Friday July 20, 2012 7:32am
After my daughter wakes up from her bed, she passes me on the couch as I watch the news. She notices my tears but doesn't comment. I murmur a 'Good morning' and my voice cracks. I sob. More tears. I need to be strong. She looks at me again, I feel her hesitation before she asks, "What's the matter, Mom?"
Can't she see the images on the tv? The police cars flashing, the dropped popcorn on the side of the road, the blood trail along the sidewalk? She's ten I remind myself. I shut the tv off and try to speak, my throat filled with disbelief. Finally I say, "A man hurt a lot of people last night during the premier of Batman."
"Oh." She says looking at the ground. "So why are you crying?"
Another sob. Because we planned to see the movie on Saturday in a different theatre in Aurora. Because I thought about taking you to the midnight showing. Because so many people will never be the same. Because of the mom of that six-year old girl. Because of the man holding up the picture of his son, desperate for any information.
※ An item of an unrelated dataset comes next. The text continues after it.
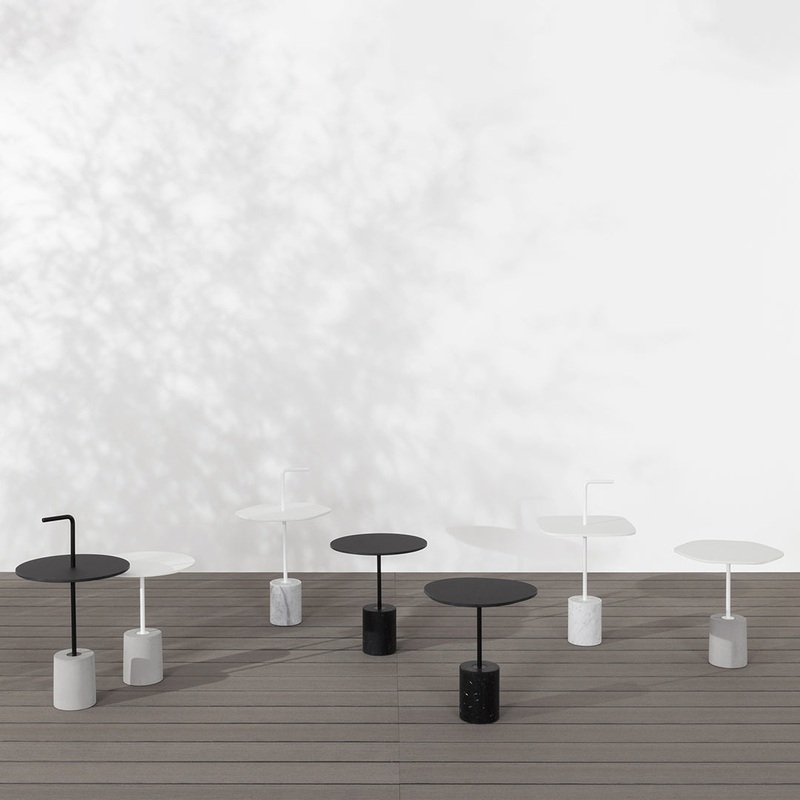 Occasional table with marble base white Carrara, black Marquinia or concrete. Stem and handle in stainless steel Aisi 316L, tops in laminate Fenix 10 mm.

Because our worst fears came true this morning.
Instead, I say, "I'm afraid." It's like 9/11 when I was pregnant with her. "I'm afraid because there are people out there that want to hurt other people and I can't stop it."
She replies, "I get it."
I shut off the tv and wish I could shut off the images in my head just as easily. "What do you want for breakfast?"
"Waffles." She answers with a smile. "With chocolate chips."